Ok, I was wrong. There are several effects. This will pass \>hello using the JSON escaper

POST /test/_search
{
    "query" : {
        "query_string" : {
            "escape" : false,
            "query" : "\\>hello",
            "default_field" : "s"
        }
    }
}

This will also pass \>hello but uses Lucene's query string escaper.

POST /test/_search
{
    "query" : {
        "query_string" : {
            "escape" : true,
            "query" : ">hello",
            "default_field" : "s"
        }
    }
}

When escape: true is given, you can enable Lucene's query string escaping after JSON has been received, but before the value is submitted to search.

But even if you can pass >hello in multiple ways, it does not execute a search for this term.

First observation: if you index >hello with the ES default analyzer, you will index hello and searching for >hello will not return a hit.
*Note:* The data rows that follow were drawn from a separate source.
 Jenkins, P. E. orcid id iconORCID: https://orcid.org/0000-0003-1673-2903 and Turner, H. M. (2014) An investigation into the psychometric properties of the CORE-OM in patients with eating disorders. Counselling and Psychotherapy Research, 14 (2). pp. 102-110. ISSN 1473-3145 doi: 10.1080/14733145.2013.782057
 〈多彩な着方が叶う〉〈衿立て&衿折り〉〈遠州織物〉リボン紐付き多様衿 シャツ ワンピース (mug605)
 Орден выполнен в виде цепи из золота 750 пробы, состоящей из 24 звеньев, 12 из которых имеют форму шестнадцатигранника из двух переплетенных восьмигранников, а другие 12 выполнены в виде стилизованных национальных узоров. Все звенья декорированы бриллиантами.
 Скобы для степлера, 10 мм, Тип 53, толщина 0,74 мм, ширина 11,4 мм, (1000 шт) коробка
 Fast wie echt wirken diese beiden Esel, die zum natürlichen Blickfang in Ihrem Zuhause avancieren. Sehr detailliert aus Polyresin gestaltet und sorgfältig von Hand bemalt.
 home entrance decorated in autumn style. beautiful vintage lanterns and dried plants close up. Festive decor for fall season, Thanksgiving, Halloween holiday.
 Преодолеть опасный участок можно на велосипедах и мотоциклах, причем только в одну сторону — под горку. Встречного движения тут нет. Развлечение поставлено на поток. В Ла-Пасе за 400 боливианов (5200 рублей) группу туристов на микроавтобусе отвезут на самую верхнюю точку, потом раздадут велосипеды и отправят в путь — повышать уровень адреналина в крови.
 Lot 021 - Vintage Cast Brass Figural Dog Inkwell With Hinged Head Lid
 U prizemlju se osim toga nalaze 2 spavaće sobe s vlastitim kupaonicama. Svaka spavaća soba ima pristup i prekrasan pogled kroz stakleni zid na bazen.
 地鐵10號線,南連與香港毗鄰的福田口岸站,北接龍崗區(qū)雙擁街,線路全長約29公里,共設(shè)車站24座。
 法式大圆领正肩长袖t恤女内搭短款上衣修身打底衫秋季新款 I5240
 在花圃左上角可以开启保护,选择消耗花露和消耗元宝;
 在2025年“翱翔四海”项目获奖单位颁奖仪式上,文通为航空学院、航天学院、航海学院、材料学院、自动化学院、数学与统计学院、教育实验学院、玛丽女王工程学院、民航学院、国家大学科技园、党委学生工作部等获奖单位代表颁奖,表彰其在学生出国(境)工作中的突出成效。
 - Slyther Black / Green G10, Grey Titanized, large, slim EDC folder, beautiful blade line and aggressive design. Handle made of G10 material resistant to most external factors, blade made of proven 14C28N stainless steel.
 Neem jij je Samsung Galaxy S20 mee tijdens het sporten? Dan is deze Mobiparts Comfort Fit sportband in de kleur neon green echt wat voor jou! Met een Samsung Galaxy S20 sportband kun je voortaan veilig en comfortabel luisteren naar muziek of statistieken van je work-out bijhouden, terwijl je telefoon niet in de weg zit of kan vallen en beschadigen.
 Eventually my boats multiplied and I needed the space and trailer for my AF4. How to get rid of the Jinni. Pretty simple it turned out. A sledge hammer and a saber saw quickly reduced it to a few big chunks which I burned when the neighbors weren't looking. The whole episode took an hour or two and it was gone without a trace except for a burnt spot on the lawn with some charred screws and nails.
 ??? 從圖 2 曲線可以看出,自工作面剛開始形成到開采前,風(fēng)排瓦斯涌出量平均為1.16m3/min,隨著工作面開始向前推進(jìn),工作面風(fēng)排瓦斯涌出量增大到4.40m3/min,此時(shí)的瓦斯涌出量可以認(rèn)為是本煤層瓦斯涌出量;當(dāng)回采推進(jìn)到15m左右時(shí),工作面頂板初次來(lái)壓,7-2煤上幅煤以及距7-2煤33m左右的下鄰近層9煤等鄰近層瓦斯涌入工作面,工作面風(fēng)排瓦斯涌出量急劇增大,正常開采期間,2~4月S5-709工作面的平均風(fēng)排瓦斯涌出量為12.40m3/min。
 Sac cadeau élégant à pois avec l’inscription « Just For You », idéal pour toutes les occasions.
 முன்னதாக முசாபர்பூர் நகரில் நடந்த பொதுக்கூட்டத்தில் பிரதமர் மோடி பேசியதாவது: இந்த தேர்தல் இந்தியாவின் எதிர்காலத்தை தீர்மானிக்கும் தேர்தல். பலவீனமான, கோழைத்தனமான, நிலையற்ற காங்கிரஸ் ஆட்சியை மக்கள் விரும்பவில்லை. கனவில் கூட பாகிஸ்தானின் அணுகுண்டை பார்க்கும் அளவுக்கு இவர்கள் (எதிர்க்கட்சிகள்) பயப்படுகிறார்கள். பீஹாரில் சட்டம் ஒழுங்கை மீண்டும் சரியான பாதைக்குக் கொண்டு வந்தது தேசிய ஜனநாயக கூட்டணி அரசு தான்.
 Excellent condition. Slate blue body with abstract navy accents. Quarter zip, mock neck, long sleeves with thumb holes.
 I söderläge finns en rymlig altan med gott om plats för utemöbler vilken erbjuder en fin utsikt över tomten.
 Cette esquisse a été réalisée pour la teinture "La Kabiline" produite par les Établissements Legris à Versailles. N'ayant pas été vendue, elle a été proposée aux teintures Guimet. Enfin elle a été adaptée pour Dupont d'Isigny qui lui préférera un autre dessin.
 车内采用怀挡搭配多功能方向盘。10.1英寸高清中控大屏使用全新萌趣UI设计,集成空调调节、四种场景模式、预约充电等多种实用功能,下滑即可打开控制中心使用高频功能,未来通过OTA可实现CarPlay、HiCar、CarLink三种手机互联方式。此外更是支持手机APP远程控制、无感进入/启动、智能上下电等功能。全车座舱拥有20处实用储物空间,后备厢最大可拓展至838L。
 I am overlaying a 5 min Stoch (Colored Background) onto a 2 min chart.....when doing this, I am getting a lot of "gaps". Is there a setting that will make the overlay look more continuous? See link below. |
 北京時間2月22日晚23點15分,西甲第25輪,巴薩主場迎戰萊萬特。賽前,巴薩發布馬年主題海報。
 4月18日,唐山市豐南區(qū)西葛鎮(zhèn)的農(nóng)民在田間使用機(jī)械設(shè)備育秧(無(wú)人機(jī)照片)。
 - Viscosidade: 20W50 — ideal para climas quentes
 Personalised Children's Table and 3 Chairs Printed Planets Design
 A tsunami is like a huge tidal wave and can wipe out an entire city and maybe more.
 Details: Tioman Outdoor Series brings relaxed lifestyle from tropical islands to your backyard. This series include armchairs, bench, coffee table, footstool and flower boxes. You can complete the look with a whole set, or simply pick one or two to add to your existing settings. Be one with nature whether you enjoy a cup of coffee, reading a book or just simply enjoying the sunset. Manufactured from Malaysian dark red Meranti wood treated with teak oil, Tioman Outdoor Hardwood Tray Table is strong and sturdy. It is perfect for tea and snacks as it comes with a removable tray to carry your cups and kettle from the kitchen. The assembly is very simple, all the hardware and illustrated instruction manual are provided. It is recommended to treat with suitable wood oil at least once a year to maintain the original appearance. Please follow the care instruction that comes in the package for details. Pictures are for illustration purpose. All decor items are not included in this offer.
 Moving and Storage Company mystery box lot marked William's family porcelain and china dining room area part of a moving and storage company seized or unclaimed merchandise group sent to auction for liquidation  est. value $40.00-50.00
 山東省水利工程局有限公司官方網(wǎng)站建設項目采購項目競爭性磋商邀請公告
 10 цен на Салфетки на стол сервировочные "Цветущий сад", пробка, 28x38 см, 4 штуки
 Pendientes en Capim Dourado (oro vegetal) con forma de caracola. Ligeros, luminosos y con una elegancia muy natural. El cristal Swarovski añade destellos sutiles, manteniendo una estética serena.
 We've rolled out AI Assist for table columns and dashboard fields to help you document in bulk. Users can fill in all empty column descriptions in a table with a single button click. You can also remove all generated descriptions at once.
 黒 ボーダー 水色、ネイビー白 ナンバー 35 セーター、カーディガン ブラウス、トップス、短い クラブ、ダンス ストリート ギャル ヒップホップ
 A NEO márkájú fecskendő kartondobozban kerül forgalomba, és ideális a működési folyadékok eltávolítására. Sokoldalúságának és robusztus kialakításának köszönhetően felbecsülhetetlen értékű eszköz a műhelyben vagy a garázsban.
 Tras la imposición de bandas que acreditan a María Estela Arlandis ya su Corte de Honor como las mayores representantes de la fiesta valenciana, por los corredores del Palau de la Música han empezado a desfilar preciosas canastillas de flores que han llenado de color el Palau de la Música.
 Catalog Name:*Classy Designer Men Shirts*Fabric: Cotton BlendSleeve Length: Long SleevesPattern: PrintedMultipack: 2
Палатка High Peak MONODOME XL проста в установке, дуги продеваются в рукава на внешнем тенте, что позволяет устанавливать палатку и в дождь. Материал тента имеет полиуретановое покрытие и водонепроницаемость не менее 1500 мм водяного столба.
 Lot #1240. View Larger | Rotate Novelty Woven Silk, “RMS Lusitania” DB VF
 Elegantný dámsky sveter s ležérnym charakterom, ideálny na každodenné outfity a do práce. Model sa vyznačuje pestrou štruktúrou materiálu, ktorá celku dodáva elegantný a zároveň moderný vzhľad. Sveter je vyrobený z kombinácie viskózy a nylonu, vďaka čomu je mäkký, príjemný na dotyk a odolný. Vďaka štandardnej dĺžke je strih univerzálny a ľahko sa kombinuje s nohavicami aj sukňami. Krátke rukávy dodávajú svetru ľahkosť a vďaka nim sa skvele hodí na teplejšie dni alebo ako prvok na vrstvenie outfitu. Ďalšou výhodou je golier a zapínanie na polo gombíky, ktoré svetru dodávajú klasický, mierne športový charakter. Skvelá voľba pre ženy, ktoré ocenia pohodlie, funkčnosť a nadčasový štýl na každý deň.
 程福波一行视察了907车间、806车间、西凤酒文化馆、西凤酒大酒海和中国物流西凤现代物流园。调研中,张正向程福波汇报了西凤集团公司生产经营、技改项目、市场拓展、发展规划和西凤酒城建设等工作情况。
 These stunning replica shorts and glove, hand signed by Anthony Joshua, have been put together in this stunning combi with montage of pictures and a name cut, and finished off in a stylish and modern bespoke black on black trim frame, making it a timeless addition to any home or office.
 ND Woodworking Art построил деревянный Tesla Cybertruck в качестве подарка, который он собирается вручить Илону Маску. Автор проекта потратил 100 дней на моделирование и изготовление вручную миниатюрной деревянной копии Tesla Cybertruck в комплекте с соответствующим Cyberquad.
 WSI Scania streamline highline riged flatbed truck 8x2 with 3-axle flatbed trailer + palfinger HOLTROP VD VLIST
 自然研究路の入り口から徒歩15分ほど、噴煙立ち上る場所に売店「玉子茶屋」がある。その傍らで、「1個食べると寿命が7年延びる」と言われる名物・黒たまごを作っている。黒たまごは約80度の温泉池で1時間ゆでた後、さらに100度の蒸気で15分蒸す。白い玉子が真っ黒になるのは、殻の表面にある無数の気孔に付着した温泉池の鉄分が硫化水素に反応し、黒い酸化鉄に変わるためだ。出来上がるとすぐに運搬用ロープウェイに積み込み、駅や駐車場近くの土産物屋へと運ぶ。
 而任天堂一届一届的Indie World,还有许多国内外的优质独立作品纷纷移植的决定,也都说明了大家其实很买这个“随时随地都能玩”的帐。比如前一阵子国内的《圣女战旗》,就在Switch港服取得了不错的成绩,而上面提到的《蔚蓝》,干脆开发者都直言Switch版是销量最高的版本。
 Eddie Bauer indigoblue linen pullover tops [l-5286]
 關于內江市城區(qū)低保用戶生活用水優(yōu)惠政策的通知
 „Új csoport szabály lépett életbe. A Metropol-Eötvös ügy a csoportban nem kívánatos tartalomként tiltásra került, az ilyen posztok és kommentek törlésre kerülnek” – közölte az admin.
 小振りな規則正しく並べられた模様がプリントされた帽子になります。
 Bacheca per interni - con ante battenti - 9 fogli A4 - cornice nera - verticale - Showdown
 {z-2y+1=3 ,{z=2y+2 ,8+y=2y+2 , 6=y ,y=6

Second observation: as @cbuescher wrote, ES does some smart preprocessing in query_string queries and evaluates a > symbol at position 0 for translating the query text to a range query in org.apache.lucene.queryparser.classic.MapperQueryParser

Now let's try to make this possible although of that. Let's use the keyword analyzer, this will take the word >hello to the index.

PUT /test/
{
    "mappings" : {
        "docs" : {
            "properties" : {
                "s" : {
                    "type" : "string",
                    "analyzer" : "keyword"
                }
            }
        }
    }
}

PUT /test/docs/1
{"s":">hello"}

POST /test/_search
{
    "query" : {
        "query_string" : {
            "query" : ">hello",
            "default_field" : "s"
        }
    }
}

gives no hits.

If you want hits, you can use simple_query_string instead, which does not try to interpret > at position 0.

POST /test/_search
{
    "query" : {
        "simple_query_string" : {
            "query" : ">hello",
            "fields" : ["s"]
        }
    }
}

gives a hit.

Maybe this can help to find a solution.

mrec · October 14, 2015, 6:45pm

Thanks for the detailed reply. There's a lot to experiment with there, but from initial testing (again, against 1.3.4) neither

"escape":false,
"query":"\\>hello",

nor

"escape":true,
"query":">hello",

returns hits, but

"escape":true,
"query":"\\>hello",

does.

One other thing in your reply which confuses me:

if you index >hello with the ES default analyzer, you will index hello and searching for >hello will not return a hit

If you're talking about something more fundamental than Lucene's apparent divergence from its documented escaping rules... why not? Why does searching for %hello or $hello or ?hello return a hit but not \\>hello?